David Coke, Alan Borg, Vauxhall Gardens. A History (Yale University Press 2011)

Pleasure Gardens waren im London des 18. Jahrhundert Orte der fruchtbaren Symbiose von Kultur und Kommerz. Diese sozial vergleichsweise offenen Institutionen waren u.a. der Resonanzboden für die zeitgenössische bildende Kunst und Musik. Coke und Borg schreiben in ihrem reich bebildertem Werk die Geschichte von Vauxhall Gardens, der wohl wie kein anderer Pleasure Garden das metropolitane Publikum in seinen Bann zog. Cokes und Borges Darstellung eröffnen einen faszinierenden Zugang zu der sich formierenden Konsumgesellschaft des 18. Jahrhunderts.

Susie Harries, Nikolaus Pevsner. The Life (Chatto and Windus 2011)

Eine Biographie von nahezu 900 Seiten wirkt auf den ersten Blick abschreckend. Aber diese Biographie des 1983 verstorbenen Kunsthistorikers und Architekturkritikers Nikolaus Pevsner ist trotz ihrer Länge eine Lektüre, die in jeder Hinsicht lohnt.

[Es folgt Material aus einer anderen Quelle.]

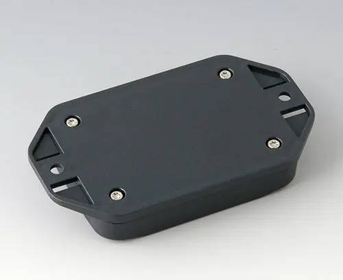 Boitier en plastique en 2 parties avec partie supérieure plate. Partie inférieure avec bride intégrée pour un montage mural rapide ou pour la fixation sur des rails et des profilés tubulaires ou sur un mât. Construction robuste avec assemblage à rainure et languette éprouvé. Vissage avec vis en acier inoxydable et entraînement Torx. Socle de fixation pour les circuits imprimés et les composants dans la partie supérieure et inférieure. La fixation sur les socles s'effectue par sertissage à chaud.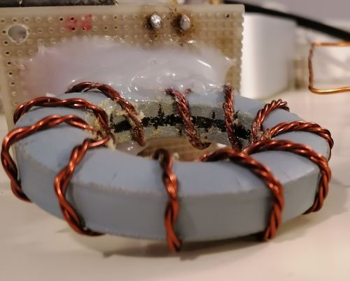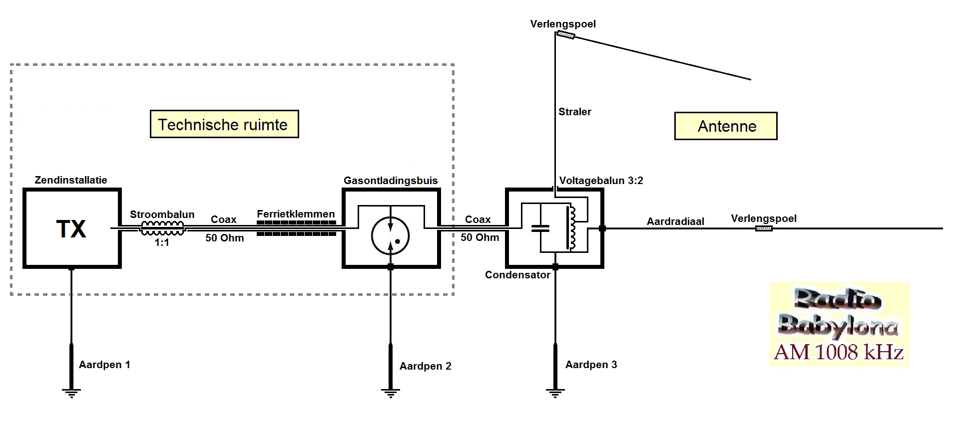 ist die Antenne etwa 100 Meter lang. Der Einspeisepunkt
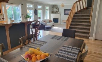 • Spacious chef’s kitchen fully equipped for cooking and entertaining, with modern appliances, ample counter space, and a kitchen bar for casual dining or morning coffee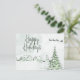 A vintage-inspired Happy Holidays postcard featuring a serene snowy landscape. The illustration showcases a delicate line drawing of snow-covered pine trees and cozy houses nestled in a winter wonderland. Above the scene, the silhouette of Santa Claus riding his sleigh, pulled by reindeer, glides gracefully across the sky. The card is adorned with a subtle aged texture, evoking a sense of nostalgia and holiday warmth. Perfect for sending seasonal greetings with a classic touch.

Es ist die Geschichte eines deutschen Emigranten, der, so wird gemeinhin angenommen, nach seiner Emigration kaum Schwierigkeiten hatte, sich im akademischen Betrieb Großbritanniens zu etablieren. Susie Harries erzählt in ihrer vorzüglich geschriebenen und gründlich recherchierten Biographie eine andere Geschichte: Sie macht deutlich, dass es für Pevsner ein mühsamer und langer Weg war, bevor er zu einer zentralen Figur des kulturellen Lebens Großbritanniens wurde. Es ist dies zugleich die Geschichte des Aufeinanderprallens zweier unterschiedlicher akademischer Kulturen, nämlich der des Kontinents und der der Insel.